Моя рука крадется к лацкану пальто, и меня охватывает глубокое удовлетворение, когда я нащупываю в подкладке патрон с нитроглицерином. Я улыбаюсь воображаемому плотнику. Бесполезные приготовления! Я сам подготовился к этому событию. Нет, они меня не повесят. Моя рука ласкает длинную узкую трубку. Давай! Строь свою виселицу. Погодите, этот человек надевает пальто. Что, он уже закончил? Теперь он поворачивается. Он смотрит прямо на меня. Погодите, да это же Фрик! Жив?..

Мой мозг горит. Я прижимаюсь головой к прутьям и тяжело стону. Жив? Неужели я потерпел неудачу? Неудачу?..

II

Тяжелые шаги приближаются; звон ключей становится отчетливее. Я должен взять себя в руки. Эти насмешливые, недружелюбные глаза не увидят моих мучений.

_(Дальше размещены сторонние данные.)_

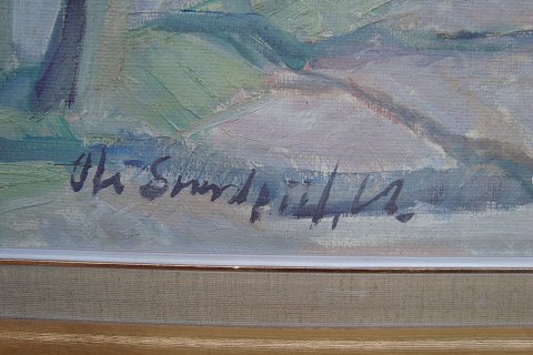 Maleri af Ole Sværdpiil 1962 - Landskab med huse og nøgne træer.

Они могли бы положить конец этой страшной неизвестности, но я должен казаться равнодушным.

Не желаю ли я «пообедать с Шефом»? Я отказываюсь, прося стакан воды. Разумеется; но сначала Шеф хочет меня видеть. Сопровождаемый с обеих сторон полицейскими, я иду по извилистым коридорам и наконец поднимаюсь в личный кабинет Шефа. Мои мысли заняты побегом, пока я внимательно осматриваю обстановку. Я нахожусь в большой, хорошо обставленной комнате, окна с тяжелыми задрапированными шторами расположены необычно высоко над полом. Медная решетка отделяет меня от массивного письменного стола с роллетом, за которым мужчина средних лет с явной ирландской внешностью занят какими-то бумагами.

— Доброе утро, — приветствует он меня с улыбкой. — Садитесь, — он указывает на стул за решеткой. — Насколько я понимаю, вы просили воды?

— Да.

— Сначала всего пара вопросов. Ничего особенного. Ваша анкета, понимаете ли. Простая формальность. Отвечайте откровенно, и получите все, что пожелаете.

Его манера обходительна, почти вкрадчива.

— А теперь скажите мне, мистер Беркман, как вас зовут? Настоящее имя, я имею в виду.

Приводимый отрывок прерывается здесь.